**Exercise prompt**
In the listing below, locate the line that contains "一般生活中出现的RS232串" and the line that contains "Live stop progress". Restate word for word those two lines and every line between them, and nothing else.

**Dataset**
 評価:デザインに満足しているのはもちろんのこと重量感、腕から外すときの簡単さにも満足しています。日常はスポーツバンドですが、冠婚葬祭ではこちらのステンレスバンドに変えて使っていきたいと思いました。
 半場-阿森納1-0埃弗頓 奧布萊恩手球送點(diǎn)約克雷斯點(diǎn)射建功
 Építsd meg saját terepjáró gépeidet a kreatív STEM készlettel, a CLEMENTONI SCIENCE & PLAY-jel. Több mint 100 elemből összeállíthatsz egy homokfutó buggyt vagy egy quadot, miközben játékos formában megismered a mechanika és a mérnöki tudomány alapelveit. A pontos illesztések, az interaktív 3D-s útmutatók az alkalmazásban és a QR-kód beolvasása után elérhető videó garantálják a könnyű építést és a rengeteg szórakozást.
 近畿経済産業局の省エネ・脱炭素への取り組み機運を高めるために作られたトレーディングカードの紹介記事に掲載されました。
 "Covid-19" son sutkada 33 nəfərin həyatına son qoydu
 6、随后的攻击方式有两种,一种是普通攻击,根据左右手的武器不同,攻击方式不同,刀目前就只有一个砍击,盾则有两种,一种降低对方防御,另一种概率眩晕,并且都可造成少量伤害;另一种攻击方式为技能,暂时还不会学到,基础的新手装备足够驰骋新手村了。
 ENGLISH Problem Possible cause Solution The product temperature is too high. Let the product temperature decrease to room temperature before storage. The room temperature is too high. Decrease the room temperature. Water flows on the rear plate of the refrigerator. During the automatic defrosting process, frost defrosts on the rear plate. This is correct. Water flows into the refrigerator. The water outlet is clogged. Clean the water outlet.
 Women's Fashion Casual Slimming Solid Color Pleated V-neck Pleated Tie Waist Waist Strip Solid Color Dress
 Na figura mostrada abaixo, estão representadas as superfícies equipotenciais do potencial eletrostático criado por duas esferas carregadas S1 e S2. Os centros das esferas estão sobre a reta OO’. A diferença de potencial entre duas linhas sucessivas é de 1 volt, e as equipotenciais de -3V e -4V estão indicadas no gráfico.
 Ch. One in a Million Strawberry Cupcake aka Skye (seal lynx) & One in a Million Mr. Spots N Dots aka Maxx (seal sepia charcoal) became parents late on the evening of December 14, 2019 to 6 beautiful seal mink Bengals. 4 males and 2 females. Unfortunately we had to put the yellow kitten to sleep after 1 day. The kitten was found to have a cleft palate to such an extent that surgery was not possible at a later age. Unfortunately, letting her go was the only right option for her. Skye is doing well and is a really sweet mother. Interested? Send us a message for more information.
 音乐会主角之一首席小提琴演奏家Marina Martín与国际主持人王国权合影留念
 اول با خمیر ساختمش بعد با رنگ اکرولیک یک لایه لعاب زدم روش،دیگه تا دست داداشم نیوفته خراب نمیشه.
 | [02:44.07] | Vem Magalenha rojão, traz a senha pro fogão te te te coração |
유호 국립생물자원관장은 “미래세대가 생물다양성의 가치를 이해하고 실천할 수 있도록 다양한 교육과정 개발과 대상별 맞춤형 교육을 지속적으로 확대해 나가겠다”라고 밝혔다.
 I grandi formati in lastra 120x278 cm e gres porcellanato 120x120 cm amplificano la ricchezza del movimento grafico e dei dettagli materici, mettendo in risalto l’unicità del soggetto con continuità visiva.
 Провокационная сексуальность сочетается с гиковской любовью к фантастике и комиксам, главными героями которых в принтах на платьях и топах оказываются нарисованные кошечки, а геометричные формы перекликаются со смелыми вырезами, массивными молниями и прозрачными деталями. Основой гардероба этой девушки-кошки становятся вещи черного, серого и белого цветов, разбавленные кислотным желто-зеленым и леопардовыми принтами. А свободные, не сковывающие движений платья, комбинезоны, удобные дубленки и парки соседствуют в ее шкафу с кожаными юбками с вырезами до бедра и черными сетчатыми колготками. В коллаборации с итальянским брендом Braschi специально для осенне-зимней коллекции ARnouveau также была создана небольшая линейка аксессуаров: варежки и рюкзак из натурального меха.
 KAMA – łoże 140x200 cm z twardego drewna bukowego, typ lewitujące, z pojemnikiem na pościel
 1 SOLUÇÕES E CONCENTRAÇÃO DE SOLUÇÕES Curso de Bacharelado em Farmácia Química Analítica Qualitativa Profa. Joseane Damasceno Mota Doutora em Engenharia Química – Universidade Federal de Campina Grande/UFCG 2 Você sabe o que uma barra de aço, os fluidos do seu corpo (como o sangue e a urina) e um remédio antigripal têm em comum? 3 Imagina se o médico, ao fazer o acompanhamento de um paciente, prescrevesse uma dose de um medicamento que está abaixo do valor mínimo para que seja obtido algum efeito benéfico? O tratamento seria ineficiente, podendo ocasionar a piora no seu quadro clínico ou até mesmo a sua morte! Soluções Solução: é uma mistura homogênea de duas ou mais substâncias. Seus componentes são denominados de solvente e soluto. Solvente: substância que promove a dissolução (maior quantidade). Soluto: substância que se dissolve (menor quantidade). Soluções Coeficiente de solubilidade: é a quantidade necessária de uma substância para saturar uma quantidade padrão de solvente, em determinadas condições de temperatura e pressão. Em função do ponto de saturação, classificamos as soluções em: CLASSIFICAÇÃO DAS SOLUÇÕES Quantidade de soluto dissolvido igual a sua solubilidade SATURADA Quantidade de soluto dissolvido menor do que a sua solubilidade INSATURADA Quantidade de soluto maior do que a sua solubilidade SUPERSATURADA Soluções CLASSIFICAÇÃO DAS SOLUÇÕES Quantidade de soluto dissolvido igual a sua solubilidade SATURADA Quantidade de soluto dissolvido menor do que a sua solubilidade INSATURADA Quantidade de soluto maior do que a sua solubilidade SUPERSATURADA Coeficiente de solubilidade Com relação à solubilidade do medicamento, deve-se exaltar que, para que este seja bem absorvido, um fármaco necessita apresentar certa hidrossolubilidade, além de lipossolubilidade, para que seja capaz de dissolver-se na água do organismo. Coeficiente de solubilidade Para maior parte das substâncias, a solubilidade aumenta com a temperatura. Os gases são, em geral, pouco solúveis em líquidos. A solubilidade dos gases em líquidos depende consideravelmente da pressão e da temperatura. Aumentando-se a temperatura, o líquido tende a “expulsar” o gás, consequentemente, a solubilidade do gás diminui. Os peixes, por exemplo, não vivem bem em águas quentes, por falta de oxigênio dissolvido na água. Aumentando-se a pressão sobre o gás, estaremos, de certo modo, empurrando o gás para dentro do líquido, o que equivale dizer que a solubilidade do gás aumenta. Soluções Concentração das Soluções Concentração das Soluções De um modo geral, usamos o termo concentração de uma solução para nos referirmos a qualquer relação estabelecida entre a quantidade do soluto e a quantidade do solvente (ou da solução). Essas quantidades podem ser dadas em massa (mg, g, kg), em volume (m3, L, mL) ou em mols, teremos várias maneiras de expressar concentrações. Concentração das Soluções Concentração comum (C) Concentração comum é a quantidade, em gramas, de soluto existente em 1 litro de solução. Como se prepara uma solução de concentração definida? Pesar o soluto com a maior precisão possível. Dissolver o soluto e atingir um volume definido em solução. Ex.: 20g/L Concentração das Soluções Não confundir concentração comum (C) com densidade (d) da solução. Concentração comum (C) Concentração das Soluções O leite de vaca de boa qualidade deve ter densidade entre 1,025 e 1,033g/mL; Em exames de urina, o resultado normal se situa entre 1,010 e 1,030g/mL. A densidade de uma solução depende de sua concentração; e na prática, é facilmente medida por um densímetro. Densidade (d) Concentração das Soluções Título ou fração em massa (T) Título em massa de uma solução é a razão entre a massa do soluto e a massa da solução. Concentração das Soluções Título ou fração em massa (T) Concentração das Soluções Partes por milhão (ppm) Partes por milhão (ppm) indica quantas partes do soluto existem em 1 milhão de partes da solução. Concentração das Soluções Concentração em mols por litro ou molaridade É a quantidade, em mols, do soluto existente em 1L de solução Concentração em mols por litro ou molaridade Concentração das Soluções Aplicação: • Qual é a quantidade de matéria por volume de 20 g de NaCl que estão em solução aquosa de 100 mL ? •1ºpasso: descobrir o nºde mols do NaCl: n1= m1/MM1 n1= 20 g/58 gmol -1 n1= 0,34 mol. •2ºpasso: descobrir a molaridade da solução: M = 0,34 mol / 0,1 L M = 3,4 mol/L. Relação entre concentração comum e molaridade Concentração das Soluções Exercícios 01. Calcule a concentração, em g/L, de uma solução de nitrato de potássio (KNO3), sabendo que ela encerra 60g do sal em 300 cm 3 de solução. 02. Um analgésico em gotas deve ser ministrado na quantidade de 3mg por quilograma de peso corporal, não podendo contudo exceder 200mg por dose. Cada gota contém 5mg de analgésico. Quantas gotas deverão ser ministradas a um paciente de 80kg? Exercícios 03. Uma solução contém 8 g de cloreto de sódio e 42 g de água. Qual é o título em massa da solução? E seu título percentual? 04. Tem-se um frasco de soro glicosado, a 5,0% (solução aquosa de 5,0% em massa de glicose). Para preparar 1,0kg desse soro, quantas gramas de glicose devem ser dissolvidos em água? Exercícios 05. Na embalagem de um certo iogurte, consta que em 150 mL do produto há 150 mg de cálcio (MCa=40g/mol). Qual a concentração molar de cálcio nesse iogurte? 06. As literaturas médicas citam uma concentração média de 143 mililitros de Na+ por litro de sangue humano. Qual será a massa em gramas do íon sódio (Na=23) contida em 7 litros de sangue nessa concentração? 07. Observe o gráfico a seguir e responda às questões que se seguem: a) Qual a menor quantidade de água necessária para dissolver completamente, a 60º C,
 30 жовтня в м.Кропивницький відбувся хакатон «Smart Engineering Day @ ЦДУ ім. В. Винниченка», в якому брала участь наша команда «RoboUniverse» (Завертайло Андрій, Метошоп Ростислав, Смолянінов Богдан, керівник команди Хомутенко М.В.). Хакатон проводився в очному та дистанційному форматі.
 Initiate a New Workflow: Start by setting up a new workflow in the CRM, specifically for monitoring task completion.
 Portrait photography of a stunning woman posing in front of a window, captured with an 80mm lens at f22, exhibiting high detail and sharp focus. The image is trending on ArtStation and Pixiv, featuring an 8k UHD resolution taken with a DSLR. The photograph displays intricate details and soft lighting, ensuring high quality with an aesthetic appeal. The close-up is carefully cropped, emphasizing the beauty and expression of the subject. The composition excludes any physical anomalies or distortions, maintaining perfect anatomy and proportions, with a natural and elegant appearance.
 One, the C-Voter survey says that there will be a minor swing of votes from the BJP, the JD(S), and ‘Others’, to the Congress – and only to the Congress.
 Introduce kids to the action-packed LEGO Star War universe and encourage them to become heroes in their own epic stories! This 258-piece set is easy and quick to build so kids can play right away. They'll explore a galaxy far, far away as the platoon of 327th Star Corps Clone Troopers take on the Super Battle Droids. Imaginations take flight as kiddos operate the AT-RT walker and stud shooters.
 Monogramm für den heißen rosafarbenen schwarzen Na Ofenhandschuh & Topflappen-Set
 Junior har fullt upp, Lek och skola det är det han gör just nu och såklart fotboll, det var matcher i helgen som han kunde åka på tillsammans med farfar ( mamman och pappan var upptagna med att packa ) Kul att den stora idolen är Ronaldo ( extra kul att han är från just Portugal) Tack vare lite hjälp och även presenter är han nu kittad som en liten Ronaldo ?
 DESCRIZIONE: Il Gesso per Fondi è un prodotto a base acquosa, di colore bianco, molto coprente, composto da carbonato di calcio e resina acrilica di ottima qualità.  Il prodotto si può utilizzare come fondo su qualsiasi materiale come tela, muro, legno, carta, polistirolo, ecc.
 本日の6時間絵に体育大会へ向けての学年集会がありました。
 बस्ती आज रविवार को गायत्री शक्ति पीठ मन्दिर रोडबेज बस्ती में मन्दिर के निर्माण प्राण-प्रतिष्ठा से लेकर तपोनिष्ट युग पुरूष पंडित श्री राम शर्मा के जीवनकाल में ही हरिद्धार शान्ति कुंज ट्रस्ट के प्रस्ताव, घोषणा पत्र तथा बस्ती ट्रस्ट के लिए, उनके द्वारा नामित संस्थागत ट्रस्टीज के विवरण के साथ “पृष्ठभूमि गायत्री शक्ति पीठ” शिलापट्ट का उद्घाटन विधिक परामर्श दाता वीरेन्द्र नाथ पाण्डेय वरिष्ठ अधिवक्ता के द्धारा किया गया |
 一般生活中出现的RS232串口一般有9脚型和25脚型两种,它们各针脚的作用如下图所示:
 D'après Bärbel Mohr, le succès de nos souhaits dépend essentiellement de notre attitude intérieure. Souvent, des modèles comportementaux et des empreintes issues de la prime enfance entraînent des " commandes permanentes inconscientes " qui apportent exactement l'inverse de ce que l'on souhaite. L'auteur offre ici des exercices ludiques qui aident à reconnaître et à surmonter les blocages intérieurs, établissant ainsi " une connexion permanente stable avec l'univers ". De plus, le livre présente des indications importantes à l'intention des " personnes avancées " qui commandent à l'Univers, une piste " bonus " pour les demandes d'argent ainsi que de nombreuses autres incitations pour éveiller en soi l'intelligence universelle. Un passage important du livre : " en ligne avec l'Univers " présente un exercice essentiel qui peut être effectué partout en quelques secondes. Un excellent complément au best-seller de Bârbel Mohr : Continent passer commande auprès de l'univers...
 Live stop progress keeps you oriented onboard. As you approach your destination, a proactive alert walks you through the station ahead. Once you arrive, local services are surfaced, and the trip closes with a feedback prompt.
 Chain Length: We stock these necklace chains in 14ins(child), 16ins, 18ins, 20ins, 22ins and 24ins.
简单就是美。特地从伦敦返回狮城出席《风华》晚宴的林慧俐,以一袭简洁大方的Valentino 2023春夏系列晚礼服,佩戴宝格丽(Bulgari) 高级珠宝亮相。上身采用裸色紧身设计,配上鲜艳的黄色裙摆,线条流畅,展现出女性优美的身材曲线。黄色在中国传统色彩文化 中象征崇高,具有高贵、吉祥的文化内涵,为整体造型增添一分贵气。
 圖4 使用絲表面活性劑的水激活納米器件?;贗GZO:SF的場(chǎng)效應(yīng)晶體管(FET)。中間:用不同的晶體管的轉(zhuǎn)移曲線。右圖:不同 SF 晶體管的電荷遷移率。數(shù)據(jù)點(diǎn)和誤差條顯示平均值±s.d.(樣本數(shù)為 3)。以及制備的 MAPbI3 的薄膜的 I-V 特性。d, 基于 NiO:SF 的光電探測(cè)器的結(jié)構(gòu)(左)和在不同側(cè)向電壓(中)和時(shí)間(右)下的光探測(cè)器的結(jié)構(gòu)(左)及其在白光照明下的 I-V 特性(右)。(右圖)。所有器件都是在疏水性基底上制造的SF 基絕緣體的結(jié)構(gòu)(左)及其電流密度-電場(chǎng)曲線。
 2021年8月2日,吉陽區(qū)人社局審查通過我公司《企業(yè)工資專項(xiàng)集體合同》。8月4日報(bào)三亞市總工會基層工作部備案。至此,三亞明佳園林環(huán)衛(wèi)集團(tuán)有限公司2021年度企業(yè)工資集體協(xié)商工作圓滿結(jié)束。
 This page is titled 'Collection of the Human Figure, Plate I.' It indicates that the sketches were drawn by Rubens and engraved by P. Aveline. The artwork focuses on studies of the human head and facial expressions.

**Solution for this task**
 一般生活中出现的RS232串口一般有9脚型和25脚型两种,它们各针脚的作用如下图所示:
 D'après Bärbel Mohr, le succès de nos souhaits dépend essentiellement de notre attitude intérieure. Souvent, des modèles comportementaux et des empreintes issues de la prime enfance entraînent des " commandes permanentes inconscientes " qui apportent exactement l'inverse de ce que l'on souhaite. L'auteur offre ici des exercices ludiques qui aident à reconnaître et à surmonter les blocages intérieurs, établissant ainsi " une connexion permanente stable avec l'univers ". De plus, le livre présente des indications importantes à l'intention des " personnes avancées " qui commandent à l'Univers, une piste " bonus " pour les demandes d'argent ainsi que de nombreuses autres incitations pour éveiller en soi l'intelligence universelle. Un passage important du livre : " en ligne avec l'Univers " présente un exercice essentiel qui peut être effectué partout en quelques secondes. Un excellent complément au best-seller de Bârbel Mohr : Continent passer commande auprès de l'univers...
 Live stop progress keeps you oriented onboard. As you approach your destination, a proactive alert walks you through the station ahead. Once you arrive, local services are surfaced, and the trip closes with a feedback prompt.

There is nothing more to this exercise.